Reputation: 73
I have an array with many fields in each line spaced by different spacing like:
INDDUMMY drawing2 139 30 1 0 0 0 0 0
RMDUMMY drawing2 69 2 1 0 0 0 0 0
PIMP drawing 7 0 1444 718 437 0 0 0
I'm trying to make sorting for this array by number in 3rd field so the desired output should be:
PIMP drawing 7 0 1444 718 437 0 0 0
RMDUMMY drawing2 69 2 1 0 0 0 0 0
INDDUMMY drawing2 139 30 1 0 0 0 0 0
I tried to make a split using regular expression within the sorting function like:
@sortedListOfLayers = sort {
split(m/\w+\s+(\d+)\s/gm,$a)
cmp
split(m/\w+\s+(\d+)\s/gm,$b)
}@listOfLayers;
but it doesn't work correctly. How I could make that type of sorting?
Upvotes: 1
Views: 434
Reputation: 52112
If you want to sort a list and the operation used in the sort
block is expensive, an often used Perl idiom is the Schwartzian Transform: you apply the operation once to each list element and store the result alongside the original element, sort, then map back to your original format.
The classic textbook example is sorting files in a directory by size using the expensive -s
file test. A naïve approach would be
my @sorted = sort { -s $a <=> -s $b } @unsorted;
which has to perform -s
twice for each comparison operation.
Using the Schwartzian Transform, we map the file names into a list of array references, each referencing an array containing the list element and its size (which has to be determined only once per file), then sort by file size, and finally map the array references back to just the file names. This is all done in a single step:
my @sorted =
map $_->[0], # 3. map to file name
sort { a$->[1] <=> b$->[1] } # 2. sort by size
map [ $_, -s $_ ], # 1. evaluate size once for each file
@unsorted;
In your case, the question is how expensive it is to extract the third field of each array element. When in doubt, measure to compare different methods. The speedup in the file size example is dramatic at about a factor 10 for a few dozen files!
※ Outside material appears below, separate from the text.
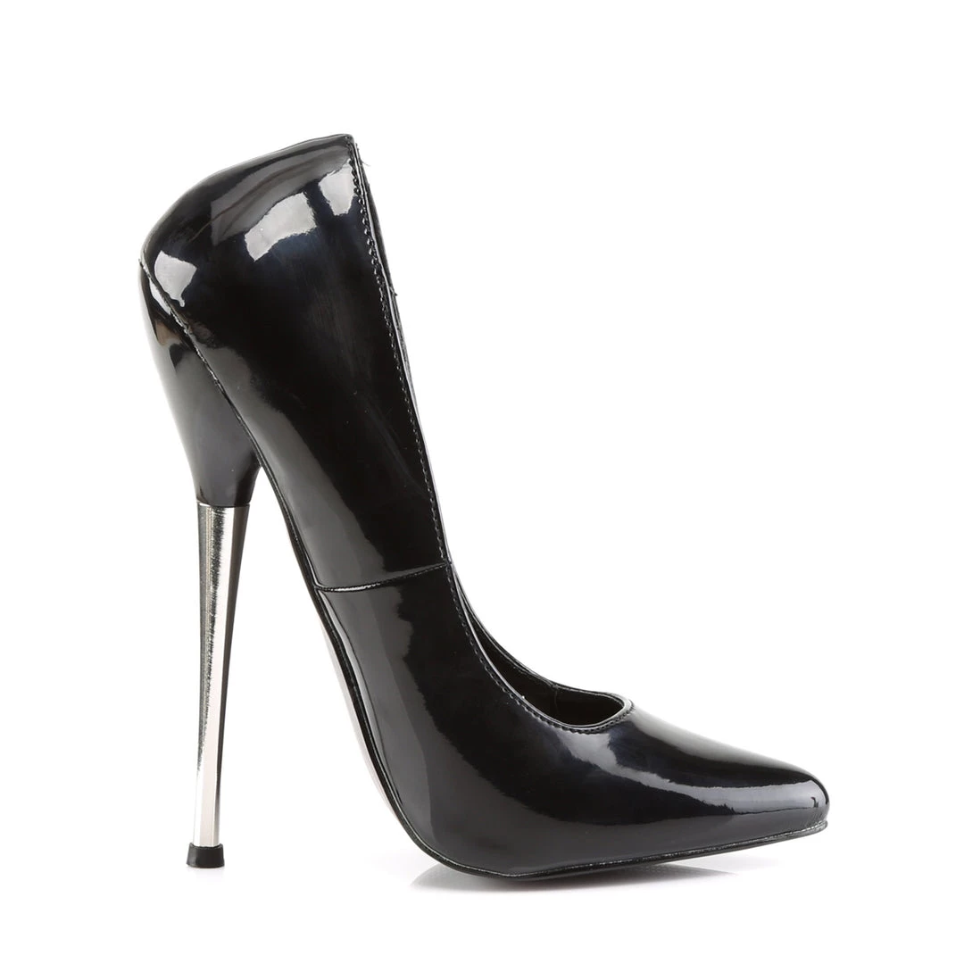 These black patent Dagger stiletto’s are a fetishist’s must-have. These sexy high heels have a 6 inch heel that make sure you’ll set the right kinky tone. This style is part of the Devious Range.
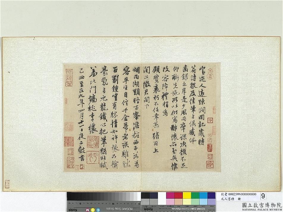 室迩人远。疎阔罔记岁时。篇诗猥及。佳笔与俱。感佩齿录之厚。是夕风雨。牵课次韵。不足仰酬先施。所以倾写鄙怀亦至矣。惟改容降礼。稍垂顾览。衰朽不任幸甚。张雨上。闲止征君阁下。烟雨湖头暗两峰。澹?西子若为容。平生自信千金帚。老疾难胜百罚钟。岂有胜情如许掾。只输豪气与元龙。铁心把笔犹能赋。羞比门墙桃李秾。 已丑至正九年(公元一三四九年)四月十一日夜二鼓书。

The Schwartzian Transform applied to your problem would look something like this:
my @sorted =
map $_->[0], # 3. Map to original array
sort { $a->[1] <=> $b->[1] } # 2. Sort by third column
map [ $_, ( split( ' ', $_ ) )[2] ], # 1. Use Sobrique's idea
@array;
If the operation used is so expensive that you want to avoid performing it more than once per value in case you have identical array elements, you can cache the results as outlined in this question; this is known as the Orcish Maneuver.
Upvotes: 0
Reputation: 53478
You need to expand out your sort function a little further. I'm also not sure that split
is working the way you think it is. Split turns text into an array based on a delimiter.
I think your problem is that your regular expression - thanks to the gm
flags - isn't matching what you think it's matching. I'd perhaps approach it slightly differently though:
#!/usr/bin/perl
use strict;
use warnings;
my @array = <DATA>;
sub sort_third_num {
my $a1 = (split ( ' ', $a ) )[2];
my $b1 = (split ( ' ', $b )) [2];
return $a1 <=> $b1;
}
print sort sort_third_num @array;
__DATA__
NDDUMMY drawing2 139 30 1 0 0 0 0 0
RMDUMMY drawing2 69 2 1 0 0 0 0 0
PIMP drawing 7 0 1444 718 437 0 0 0
This does the trick, for example.
If you're set on doing a regex approach:
sub sort_third_num {
my ($a1) = $a =~ m/\s(\d+)/;
my ($b1) = $b =~ m/\s(\d+)/;
return $a1 <=> $b1;
}
not globally matching means only the first element is returned. And only the first match of 'whitespace-digits' is returned. We also compare numerically, rather than stringwise.
Upvotes: 1